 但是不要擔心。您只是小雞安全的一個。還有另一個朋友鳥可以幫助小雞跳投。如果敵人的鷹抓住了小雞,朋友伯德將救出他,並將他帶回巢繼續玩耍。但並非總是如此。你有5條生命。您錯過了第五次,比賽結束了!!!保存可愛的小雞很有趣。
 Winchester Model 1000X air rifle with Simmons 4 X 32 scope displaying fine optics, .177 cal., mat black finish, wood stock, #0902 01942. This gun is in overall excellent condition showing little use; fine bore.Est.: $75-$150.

* * *

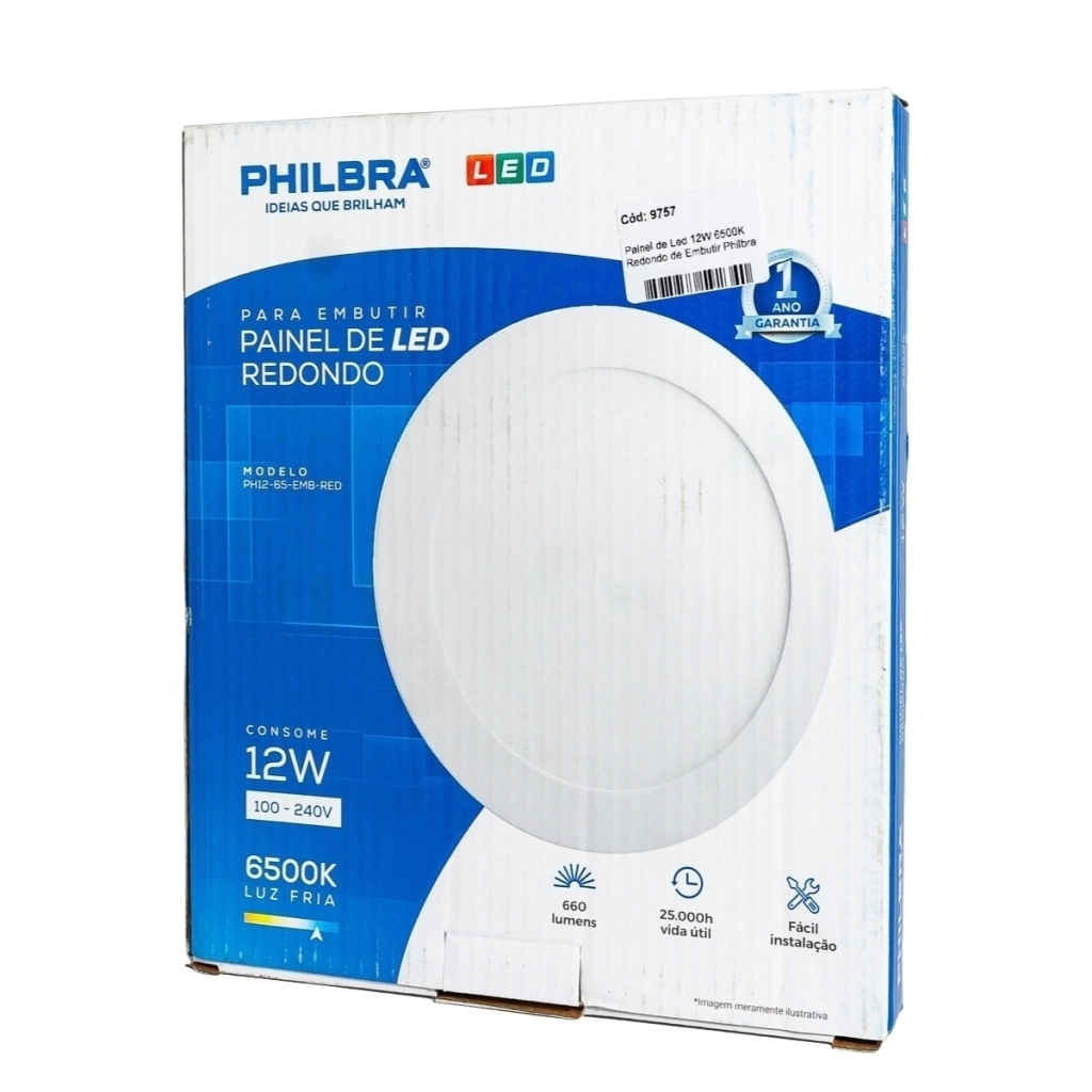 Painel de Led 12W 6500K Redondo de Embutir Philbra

> _ACTIVITY_:
The range runs from the line above containing "但是不要擔心。您只是小雞安全" to the line containing "Winchester Model 1000X", inclusive. Restate those lines word for word and no others.

> _THE COMPLETED TASK_:
 但是不要擔心。您只是小雞安全的一個。還有另一個朋友鳥可以幫助小雞跳投。如果敵人的鷹抓住了小雞,朋友伯德將救出他,並將他帶回巢繼續玩耍。但並非總是如此。你有5條生命。您錯過了第五次,比賽結束了!!!保存可愛的小雞很有趣。
 Winchester Model 1000X air rifle with Simmons 4 X 32 scope displaying fine optics, .177 cal., mat black finish, wood stock, #0902 01942. This gun is in overall excellent condition showing little use; fine bore.Est.: $75-$150.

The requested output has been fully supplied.